Task material ▸

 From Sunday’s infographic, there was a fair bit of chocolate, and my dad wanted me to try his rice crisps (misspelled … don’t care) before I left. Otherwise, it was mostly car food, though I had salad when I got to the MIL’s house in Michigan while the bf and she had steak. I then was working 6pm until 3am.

--

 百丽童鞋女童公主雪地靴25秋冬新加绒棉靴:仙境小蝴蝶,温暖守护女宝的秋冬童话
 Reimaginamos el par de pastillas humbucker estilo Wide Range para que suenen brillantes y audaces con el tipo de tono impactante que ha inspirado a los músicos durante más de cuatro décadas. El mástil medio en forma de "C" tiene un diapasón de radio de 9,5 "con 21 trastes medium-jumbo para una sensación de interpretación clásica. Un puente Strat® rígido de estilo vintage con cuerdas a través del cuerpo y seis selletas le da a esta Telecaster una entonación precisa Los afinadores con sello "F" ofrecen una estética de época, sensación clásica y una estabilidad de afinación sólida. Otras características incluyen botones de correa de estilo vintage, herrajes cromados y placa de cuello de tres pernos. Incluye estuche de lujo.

...

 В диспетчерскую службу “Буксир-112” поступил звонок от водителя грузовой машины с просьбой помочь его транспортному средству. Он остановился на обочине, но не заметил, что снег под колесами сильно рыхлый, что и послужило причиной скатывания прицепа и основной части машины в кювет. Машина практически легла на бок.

Task to carry out ▸
Every line from the line containing "百丽童鞋女童公主雪地靴25秋冬新加绒棉靴:仙境小蝴蝶,温暖守护女宝的秋冬童话" through the line containing "Reimaginamos el par" in the records above must be retyped exactly. Leave out the rest.

Answer to the problem ▸
 百丽童鞋女童公主雪地靴25秋冬新加绒棉靴:仙境小蝴蝶,温暖守护女宝的秋冬童话
 Reimaginamos el par de pastillas humbucker estilo Wide Range para que suenen brillantes y audaces con el tipo de tono impactante que ha inspirado a los músicos durante más de cuatro décadas. El mástil medio en forma de "C" tiene un diapasón de radio de 9,5 "con 21 trastes medium-jumbo para una sensación de interpretación clásica. Un puente Strat® rígido de estilo vintage con cuerdas a través del cuerpo y seis selletas le da a esta Telecaster una entonación precisa Los afinadores con sello "F" ofrecen una estética de época, sensación clásica y una estabilidad de afinación sólida. Otras características incluyen botones de correa de estilo vintage, herrajes cromados y placa de cuello de tres pernos. Incluye estuche de lujo.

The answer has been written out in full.